INFORMATION SHOWN =>
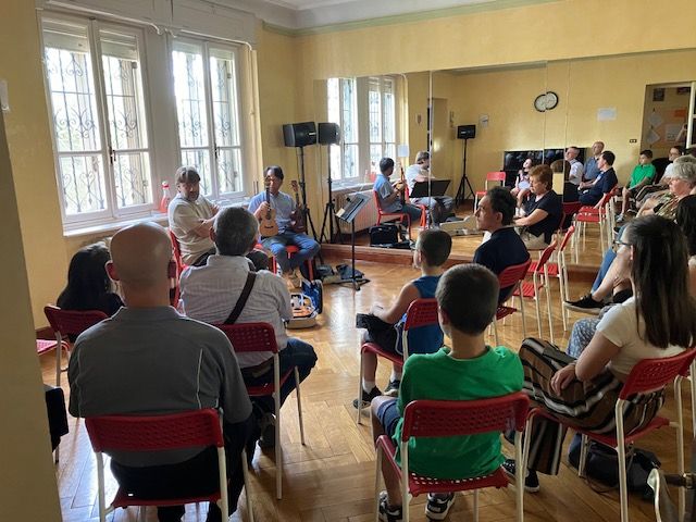 L’incontro ha visto la partecipazione, su prenotazione per numero limitato di posti in modo da garantire uno scambio di opinioni più prossimo, di giovani allievi di chitarra, cantanti e adulti incuriositi da questo percorso unico nel suo genere e, soprattutto, unico al mondo.
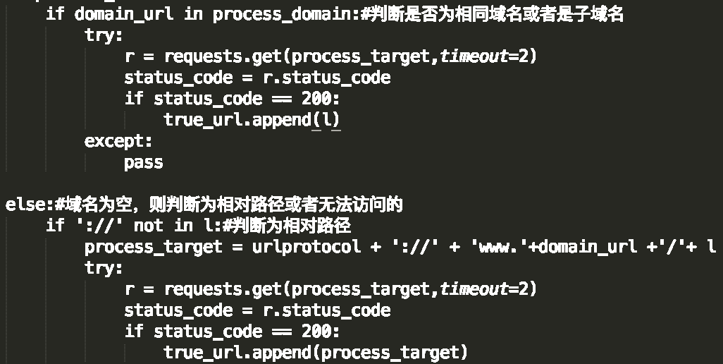 补全相对地址、防止越界(可爬取子域名,其他地址除外),并验证地址是否能正常访问
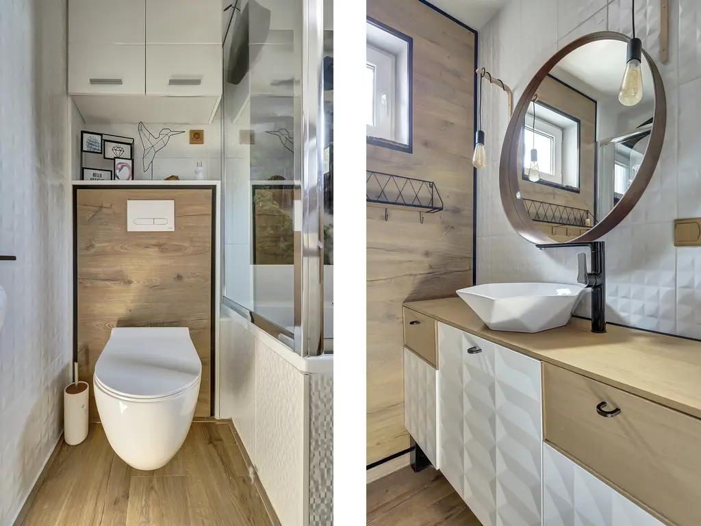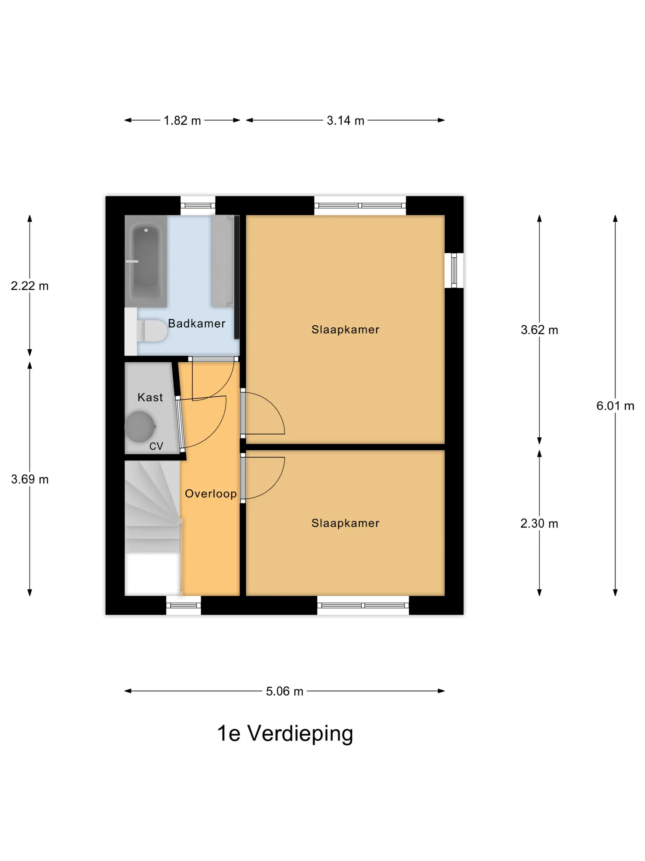 De overloop biedt toegang tot twee ruime slaapkamers, beide voorzien van een nette laminaatvloer. Daarnaast is er een aparte wasruimte met aansluitingen voor wasmachine en droger. De moderne badkamer is geheel betegeld en beschikt over een ligbad/douche, wastafelmeubel en een tweede toilet.
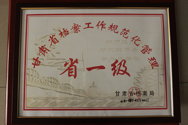 档案治理事情既反应公司业务治理水平和效劳水平,又为企业革新与生长效劳 。2014年12月16日,省、市档案局对我公司档案治理事情进行了现场考评验收,授予公司“甘肃省档案事情规范化治理省一级单位”称呼(市档发〔2014〕72号文件) 。

WHAT IS BEING ASKED => Without including a single picture, restate all of the data word for word.

RESULT BELOW =>
 L’incontro ha visto la partecipazione, su prenotazione per numero limitato di posti in modo da garantire uno scambio di opinioni più prossimo, di giovani allievi di chitarra, cantanti e adulti incuriositi da questo percorso unico nel suo genere e, soprattutto, unico al mondo.
 补全相对地址、防止越界(可爬取子域名,其他地址除外),并验证地址是否能正常访问
 De overloop biedt toegang tot twee ruime slaapkamers, beide voorzien van een nette laminaatvloer. Daarnaast is er een aparte wasruimte met aansluitingen voor wasmachine en droger. De moderne badkamer is geheel betegeld en beschikt over een ligbad/douche, wastafelmeubel en een tweede toilet.
 档案治理事情既反应公司业务治理水平和效劳水平,又为企业革新与生长效劳 。2014年12月16日,省、市档案局对我公司档案治理事情进行了现场考评验收,授予公司“甘肃省档案事情规范化治理省一级单位”称呼(市档发〔2014〕72号文件) 。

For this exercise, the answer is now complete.